**DATA RECORDS:**
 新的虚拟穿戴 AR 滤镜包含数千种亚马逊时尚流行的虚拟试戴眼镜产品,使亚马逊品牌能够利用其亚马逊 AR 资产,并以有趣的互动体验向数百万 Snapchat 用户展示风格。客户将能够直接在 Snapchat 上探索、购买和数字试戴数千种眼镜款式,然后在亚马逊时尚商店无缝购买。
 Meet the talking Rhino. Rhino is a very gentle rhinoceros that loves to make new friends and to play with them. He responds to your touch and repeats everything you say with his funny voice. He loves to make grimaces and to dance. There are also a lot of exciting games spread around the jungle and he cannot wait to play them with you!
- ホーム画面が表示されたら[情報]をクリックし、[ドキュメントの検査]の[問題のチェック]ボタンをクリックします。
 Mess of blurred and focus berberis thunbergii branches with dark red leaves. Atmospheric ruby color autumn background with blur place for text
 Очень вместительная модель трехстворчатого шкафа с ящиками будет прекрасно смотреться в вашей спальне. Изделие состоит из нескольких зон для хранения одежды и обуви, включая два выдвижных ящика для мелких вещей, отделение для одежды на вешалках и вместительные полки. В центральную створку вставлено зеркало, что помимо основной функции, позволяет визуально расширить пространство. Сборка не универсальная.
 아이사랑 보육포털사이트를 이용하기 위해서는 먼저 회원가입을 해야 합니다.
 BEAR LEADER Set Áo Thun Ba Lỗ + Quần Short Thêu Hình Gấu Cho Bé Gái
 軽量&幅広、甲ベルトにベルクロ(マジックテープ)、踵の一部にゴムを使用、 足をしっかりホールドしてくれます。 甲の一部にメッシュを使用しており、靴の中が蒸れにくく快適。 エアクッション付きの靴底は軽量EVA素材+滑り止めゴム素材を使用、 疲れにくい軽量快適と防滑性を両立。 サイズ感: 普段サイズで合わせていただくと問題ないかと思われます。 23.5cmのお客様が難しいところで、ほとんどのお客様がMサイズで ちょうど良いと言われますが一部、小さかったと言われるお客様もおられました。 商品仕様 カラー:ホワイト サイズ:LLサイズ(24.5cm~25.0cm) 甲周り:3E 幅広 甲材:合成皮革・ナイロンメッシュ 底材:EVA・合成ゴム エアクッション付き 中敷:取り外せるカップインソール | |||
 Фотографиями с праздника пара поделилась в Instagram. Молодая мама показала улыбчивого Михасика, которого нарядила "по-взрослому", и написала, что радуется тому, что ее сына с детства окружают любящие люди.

**WHAT IS REQUIRED:**
Write out every entry word for word.

**RESPONSE:**
 新的虚拟穿戴 AR 滤镜包含数千种亚马逊时尚流行的虚拟试戴眼镜产品,使亚马逊品牌能够利用其亚马逊 AR 资产,并以有趣的互动体验向数百万 Snapchat 用户展示风格。客户将能够直接在 Snapchat 上探索、购买和数字试戴数千种眼镜款式,然后在亚马逊时尚商店无缝购买。
 Meet the talking Rhino. Rhino is a very gentle rhinoceros that loves to make new friends and to play with them. He responds to your touch and repeats everything you say with his funny voice. He loves to make grimaces and to dance. There are also a lot of exciting games spread around the jungle and he cannot wait to play them with you!
- ホーム画面が表示されたら[情報]をクリックし、[ドキュメントの検査]の[問題のチェック]ボタンをクリックします。
 Mess of blurred and focus berberis thunbergii branches with dark red leaves. Atmospheric ruby color autumn background with blur place for text
 Очень вместительная модель трехстворчатого шкафа с ящиками будет прекрасно смотреться в вашей спальне. Изделие состоит из нескольких зон для хранения одежды и обуви, включая два выдвижных ящика для мелких вещей, отделение для одежды на вешалках и вместительные полки. В центральную створку вставлено зеркало, что помимо основной функции, позволяет визуально расширить пространство. Сборка не универсальная.
 아이사랑 보육포털사이트를 이용하기 위해서는 먼저 회원가입을 해야 합니다.
 BEAR LEADER Set Áo Thun Ba Lỗ + Quần Short Thêu Hình Gấu Cho Bé Gái
 軽量&幅広、甲ベルトにベルクロ(マジックテープ)、踵の一部にゴムを使用、 足をしっかりホールドしてくれます。 甲の一部にメッシュを使用しており、靴の中が蒸れにくく快適。 エアクッション付きの靴底は軽量EVA素材+滑り止めゴム素材を使用、 疲れにくい軽量快適と防滑性を両立。 サイズ感: 普段サイズで合わせていただくと問題ないかと思われます。 23.5cmのお客様が難しいところで、ほとんどのお客様がMサイズで ちょうど良いと言われますが一部、小さかったと言われるお客様もおられました。 商品仕様 カラー:ホワイト サイズ:LLサイズ(24.5cm~25.0cm) 甲周り:3E 幅広 甲材:合成皮革・ナイロンメッシュ 底材:EVA・合成ゴム エアクッション付き 中敷:取り外せるカップインソール | |||
 Фотографиями с праздника пара поделилась в Instagram. Молодая мама показала улыбчивого Михасика, которого нарядила "по-взрослому", и написала, что радуется тому, что ее сына с детства окружают любящие люди.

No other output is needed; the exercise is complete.